On Wednesday, 21 November 2018 at 17:09:54 UTC, Neia Neutuladh
wrote:
On Wed, 21 Nov 2018 17:00:29 +0000, Alex wrote:
C# wouldn't reject the case above, would it?
C# *would* reject that (you can't call any methods on a null
object), but in D, it compiles and runs and doesn't segfault.

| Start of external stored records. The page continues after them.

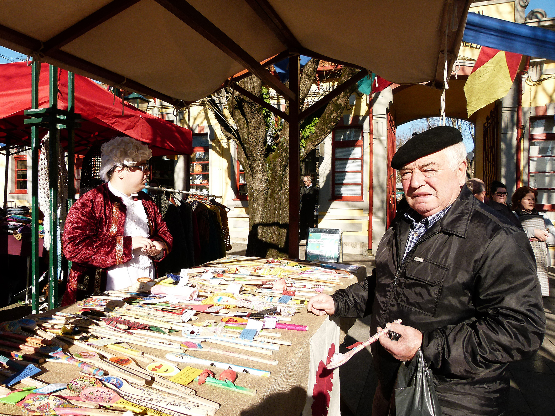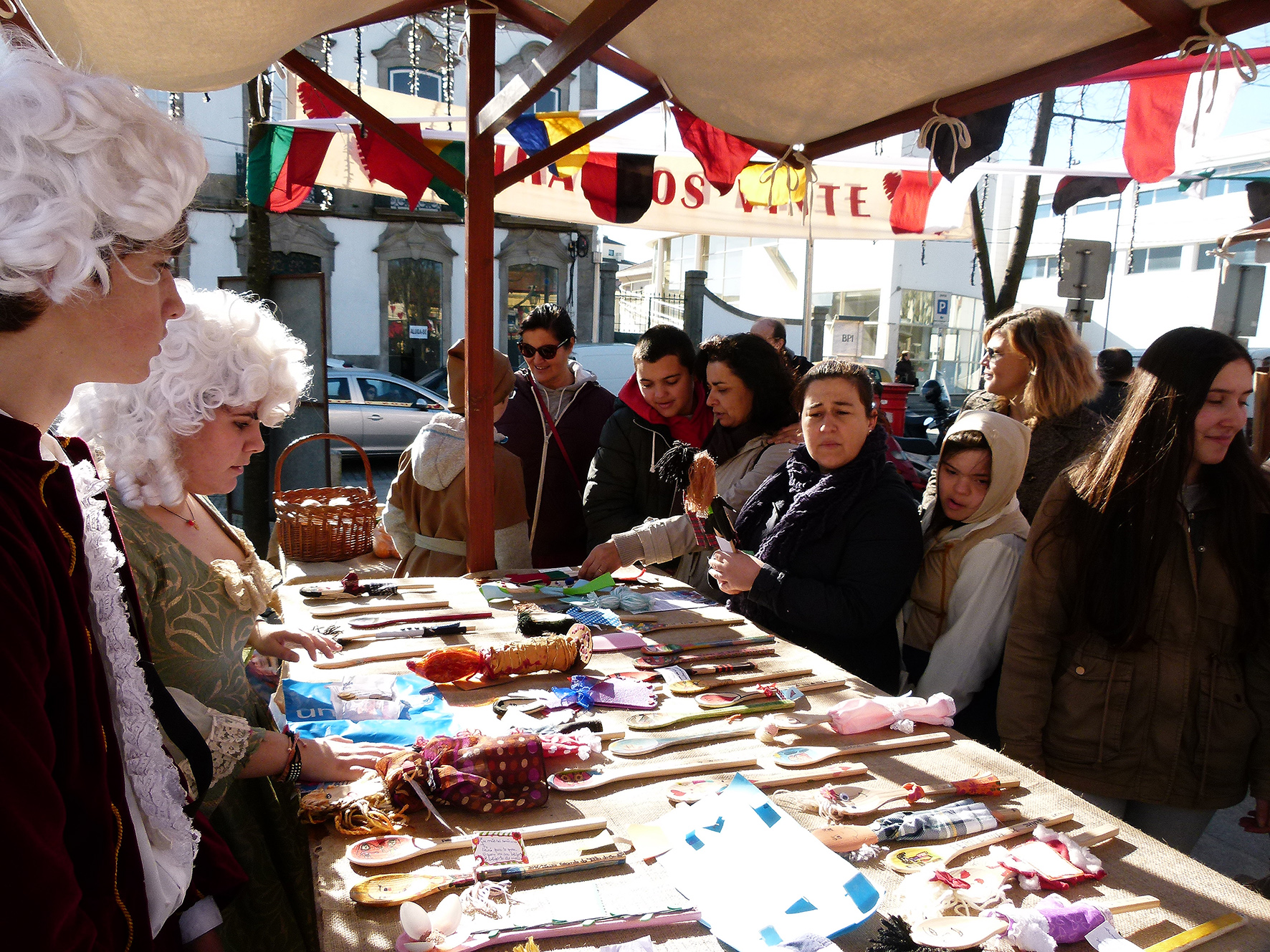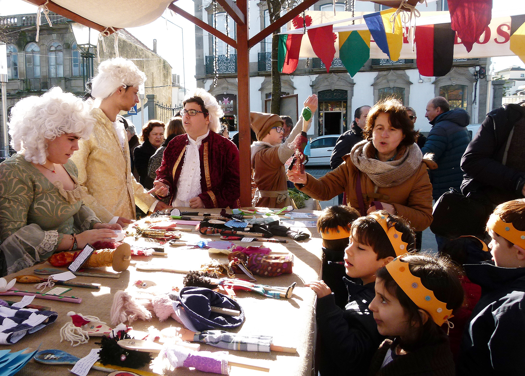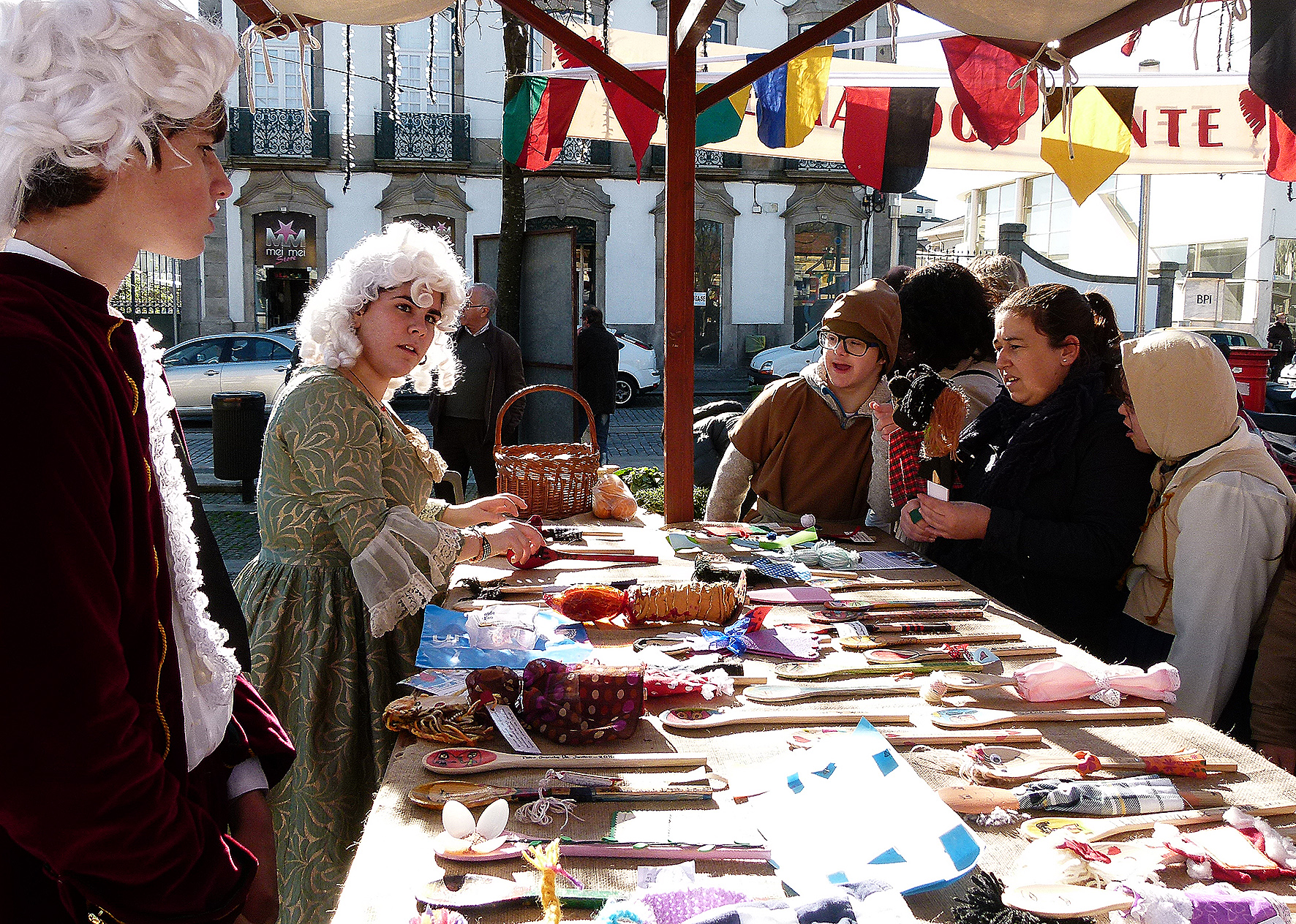 E então Helena? Como se sentem os jovens nos trajes do século XVIII? Sara explica que a feira foi muito útil para perceber melhor a época. Quem por ali passa sorri, faz perguntas, tira fotografias.
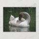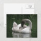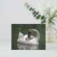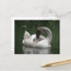 Esta postal muestra una fotografía de un hermoso cisne. El cisne es un ave juvenil, se nota por las plumas grises en la cabeza y la falta de un pico naranja. Parece que el cisne está durmiendo, pero en realidad está curando sus plumas.
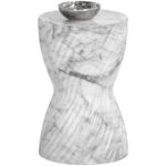 With a mesmerizing shape, this end table is well defined by its stunning swirl indentation on the base. Made with a grey faux marble finish on concrete. Suitable for indoor and outdoor covered spaces. Coordinating coffee table in white concrete also available.
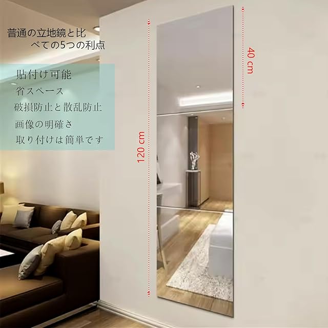 【割れにくい&地震対策】アクリル製のフィルムミラーはガラスよりも耐衝撃性が高く、割れにくいため、子どもやペットがいる家庭でも安心です。壁に貼る鏡や鏡壁、ドア掛けミラーとしても使え、全身鏡や姿見 おしゃれなデザインにも最適です。鏡 シートや鏡 シールのように簡単に貼り付けられ、軽量でミラーの割れない特性を活かしています。地震時にも安全です。

No, it wouldn't. And it doesn't.
´´´ C# ´´´
using System;
using System.Collections.Generic;
using System.Linq;
using System.Text;
using System.Threading.Tasks;
using System.Diagnostics;
namespace ConsoleApp1
{
sealed class C
{
public int dummy;
public void baz()
{
if (this is null)
{
Debug.WriteLine(42);
}
else
{
Debug.WriteLine(dummy);
}
}
}
class Program
{
static void Main(string[] args)
{
C c;
Random random = new Random(4);
int randomNumber = random.Next(0, 100);
if (randomNumber < 50)
{
c = new C
{
dummy = 73
};
}
else
{
c = null;
}
c.baz();
}
}
}
´´´
compiled against 4.6.1 Framework.
However, of course, there is a NullReferenceException, if c
happens to be null, when calling baz.
So the difference is not the compiler behavior, but just the
runtime behavior...
How could the compiler know the state of Random anyway, before
the program run.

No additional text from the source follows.